/ Réflexions

Mais pourquoi faut-il contrôler la DSN tous les mois ?

Je partage une petite réflexion basée sur mes 20 ans de gestion de projets informatiques.

En effet, à force d'échanges fonctionnels sur la Dsn avec des experts paie, URSSAF, organismes complémentaires (ce qui est passionnant...), on en fini par oublier un élément fondamental de la DSN : c'est une interface informatique entre plusieurs systèmes complexes !

Cette remarque peut paraitre évidente mais elle est très peu présente lorsqu'on parle de ce sujet.

La cible de la DSN est d'être une interface entièrement automatisée entre le système de paie des entreprises et les systèmes des organismes sociaux et complémentaires.

C'est une interface complexe car, en plus de manipuler des centaines de données par salarié, elle est dynamique : tout changement dans le passé doit être retracé sur la paie passée (rappel ou régularisation), il n'est pas possible de faire "une régularisation des montants en fin d'année" comme par le passé. Donc pour corriger la DSN, il faut faire du rappel en paie... qui peut générer des modifications sur plusieurs mois de paie par exemple par le changement de tranche.

Et là, je viens de parler du système émetteur mais il reste que le changement doit être correctement interprété par TOUS les systèmes récepteurs... qui eux-même peuvent faire une interprétation erronée. L'entreprise devra alors expliquer sa déclaration et la situation du salarié à l'organisme qui a mal interprété la donnée reçue.

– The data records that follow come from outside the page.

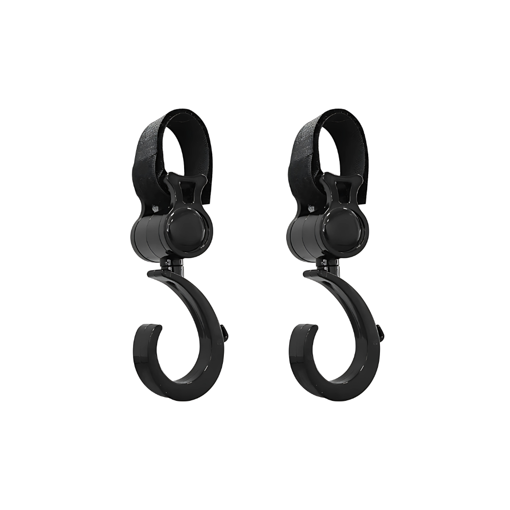 Dank 360° Rotation drehst du den Haken ganz nach Bedarf – ideal für enge Gänge oder unebene Wege. Die Haken sind universell einsetzbar, ob am Kinderwagen, Buggy, Fahrrad oder sogar im Auto.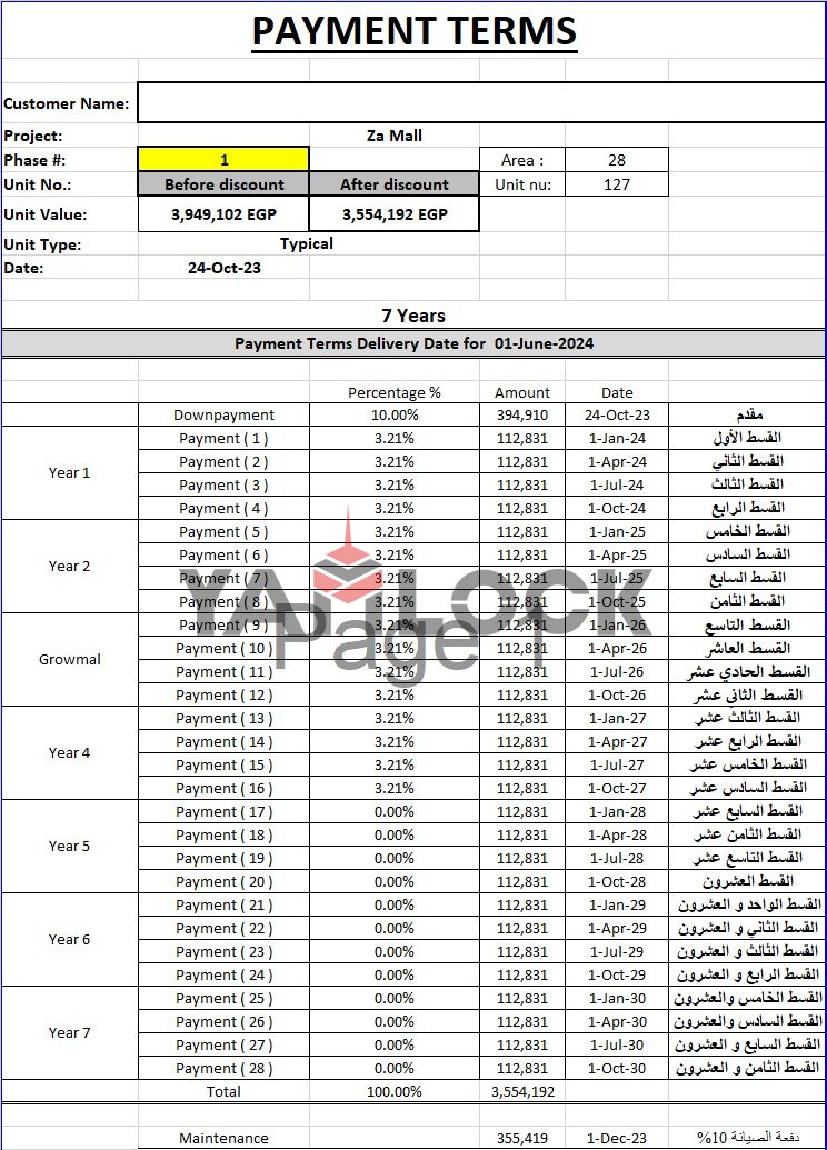 - Installement Details باقي الاقساط قسط ربع سنوي لحد 2030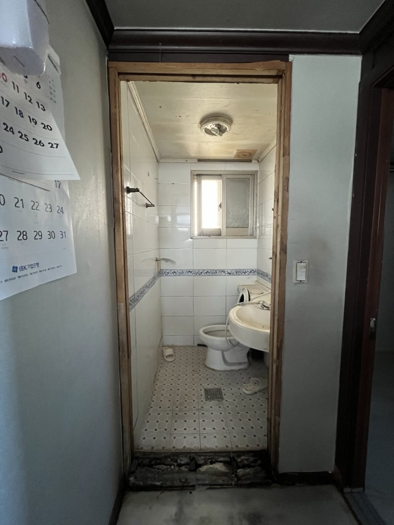 빌라가 오래 되어 화장실 문틀과 문짝이 썩고 낡아
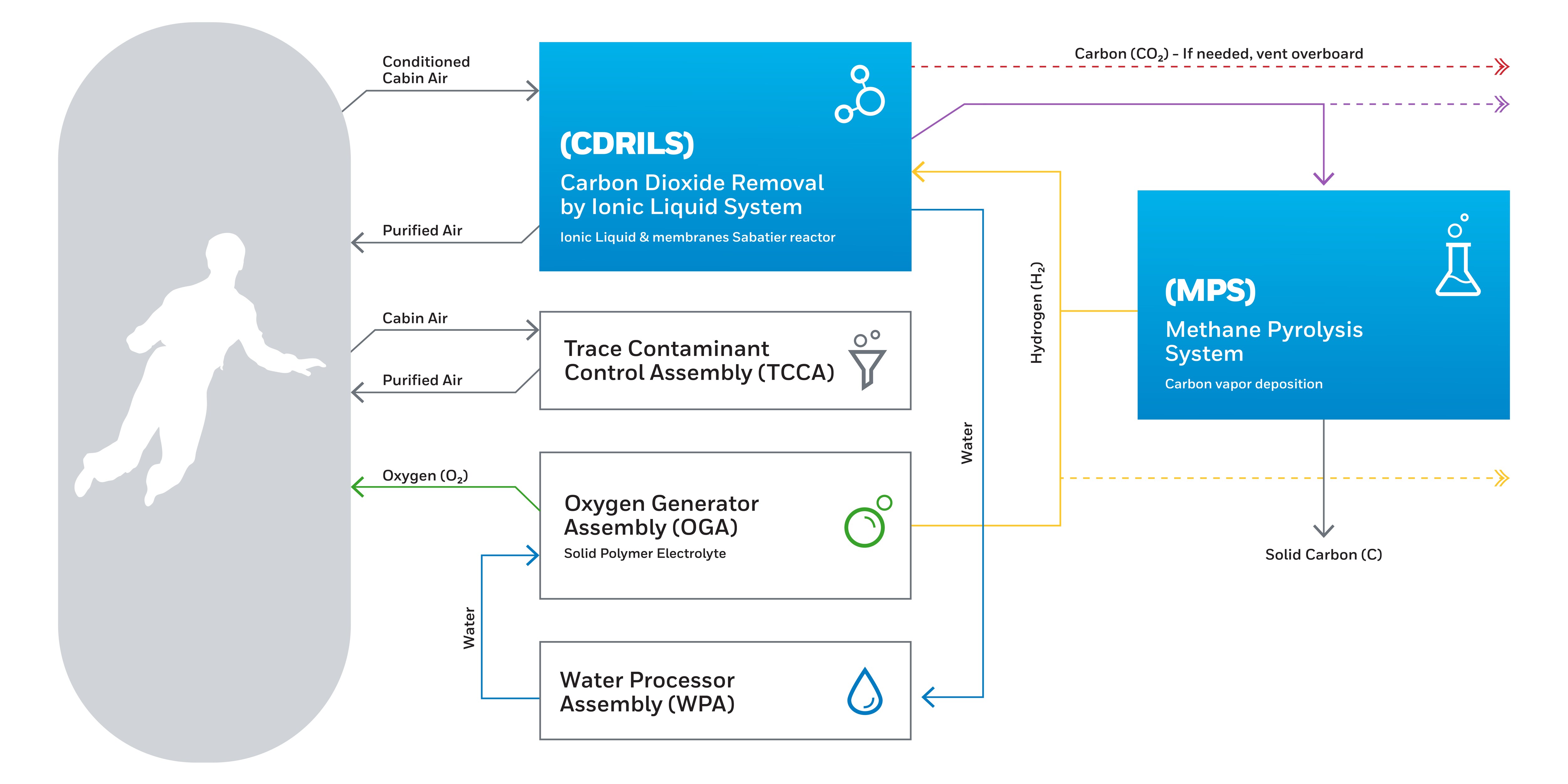 Honeywell’s next-generation Air Revitalization Systems (ARS) deliver continuous, scalable and contaminant-tolerant, life support for harsh space environments. Built on decades of CO₂-removal expertise and full-scale prototype testing, our systems combine Carbon Dioxide Removal by Ionic Liquid System (CDRILS) and Methane Pyrolysis (MP) to recover nearly 100% of oxygen while tolerating humidity and trace contaminants for space stations, lunar habitats and deep-space missions.

C'est là que l'expérience de mes 20 ans de projets informatiques interviennent : JE N'AI JAMAIS VU UNE INTERFACE AUSSI COMPLEXE FONCTIONNER SANS AUCUNE SURVEILLANCE.

  • La première étape a toujours été d'effectuer une recette longue et fastidieuse de tous les cas possibles : sur plusieurs mois avec des situations complexes.
  • La deuxième est de fonctionner à blanc pendant plusieurs mois.
  • Et enfin la troisième étape, une fois le fonctionnement validé, mettre des points de contrôles systématiques et automatiques pour éviter toute régression. Ces points de contrôles provoquant des mises à jour régulière de correctifs surtout durant la 1ère année de fonctionnement qui va correspondre à un cycle complet de paie.

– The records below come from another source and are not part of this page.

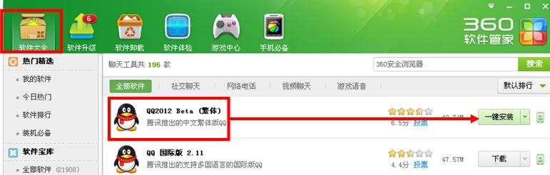 12、接著來(lái)到360安全衛(wèi)士,在【軟件管家】中找到【軟件大全】,在軟件寶庫(kù)中你會(huì)看到有很多軟件,找到qq2012,然后點(diǎn)擊右側(cè)的一鍵安裝。等待幾分鐘,安裝就可以完成了。啟動(dòng)你的qq,看看問(wèn)題解決了沒(méi)有。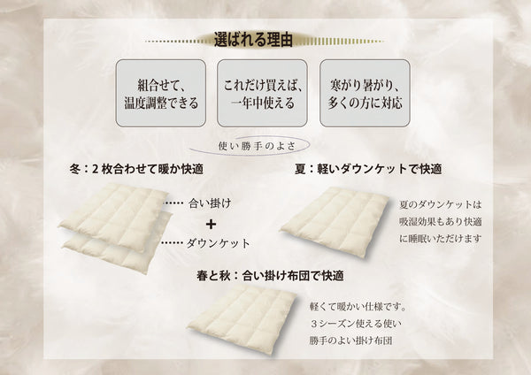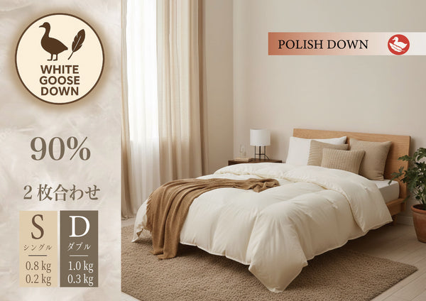「一年を通して、心地よく。 ポーランド産ホワイト安心の恵みを2枚合わせで。」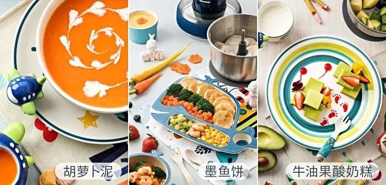 1.5L果蔬碗、1.2L绞肉碗、0.8L辅食碗,三个不同容量碗,健康分类,清晰的分类标示,随取随用。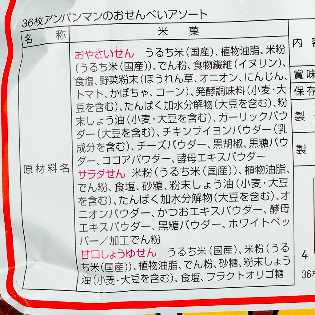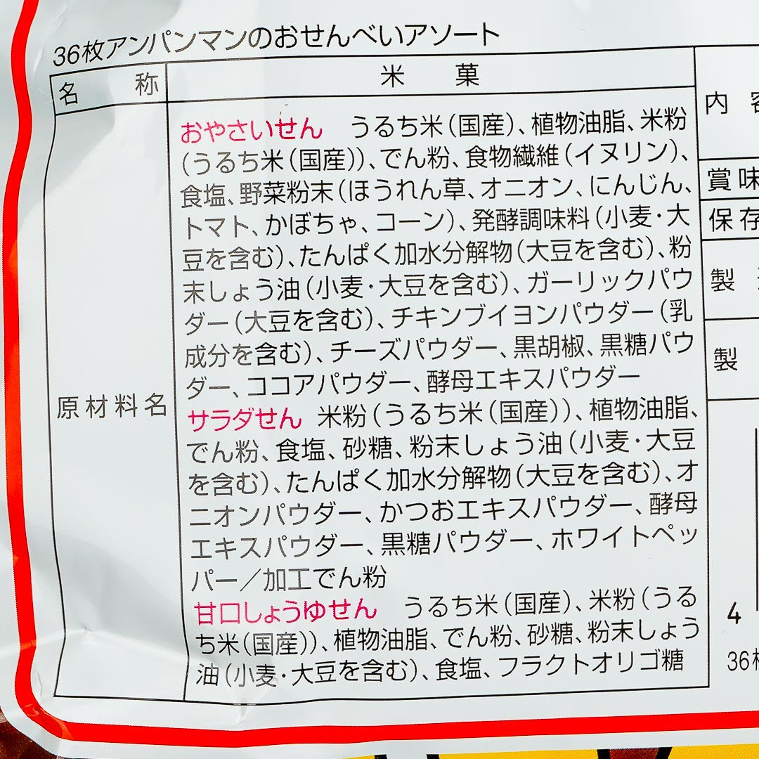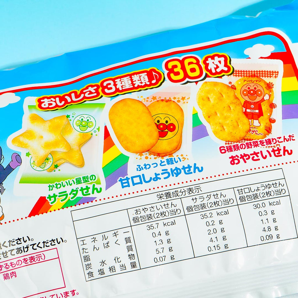 Serve senbei or Japanese crackers at your next party! This snack bag contains three types of rice crackers with different shapes and flavors. The crackers come in individual packaging featuring prints of Anpanman.

Alors souvent, on me dit (ou on m'écrit sur les réseaux sociaux) : mais tout marche très bien actuellement, arrêtez de faire peur à tout le monde !
Et je me retrouve en situation inversée de la recette d'un projet avec un client qui dit classiquement quand on livre le résultat d'un projet "ça ne marche pas" !

Dans les 2 cas, la phrase ne veut rien dire et n'aide pas à y voir clair.

Que veut dire "tout marche très bien" ? :

  • qu'il n'y a pas de retour des organismes ?

  • qu'il n'y a pas de conséquence de déclarations erronées sur les salariés pour leur remboursement maladie, cotisation chômage, cotisation retraite ?

  • que l'entreprise est bien remboursée rapidement des jours subrogés ?

  • qu'il n'y a pas eu de pénalités appliquées ?

  • que l'URSSAF n'a pas déclenché de redressement ?

  • que les syndicats n'ont pas parlé d'obstruction parce que la BDES ne contient pas les mêmes données que la DSN ?

  • qu'il n'y a eu aucune correction manuelle dans les systèmes par les organismes ?

  • que les responsables de paie n'ont jamais eu à appeler un organisme pour obtenir la régularisation d'une situation ?

  • qu'aucun salarié ne s'est plaint que sa DSN était fausse ?

  • ou qu'il y a une procédure de validation systématique par l'entreprise des données transmises, de leur conformité intrinsèque mais aussi avec les autres données qui sortent de l'entreprise tels que les bulletins de salaire, le bilan social, la BDES ou même la comptabilité au travers du FEC (fichier des écritures comptables) et qu'il ressort un niveau d'erreur acceptable par l'entreprise ?

C'est le fond de mon propos et c'est ce qui m'a amené à créer Conciliator™ PAY avec Dhatim : pour qu'une interface informatique fonctionne convenablement, il faut définir ce que veut dire "convenablement" puis le mesurer à chaque production de cette interface.
Avec la DSN qui est un système évolutif comprenant énormément de données et d'instructions de fonctionnement, il est impossible de contrôler cette interface sans un outil de contrôle dédié... Mais réaliser cet outil en interne et le maintenir présente un coup déraisonnable pour l'entreprise.

C'est pour cela que la mutualisation des coûts et de la connaissance entre plusieurs entreprises est la seule option possible pour sécuriser la DSN de façon systématique donc réelle.
C'est bien cette conclusion issue de 20 ans de direction de gros projets informatiques qui m'a convaincu de la nécessité de créer Conciliator™ PAY pour aider les entreprises à sécuriser leur DSN à moindre coût global.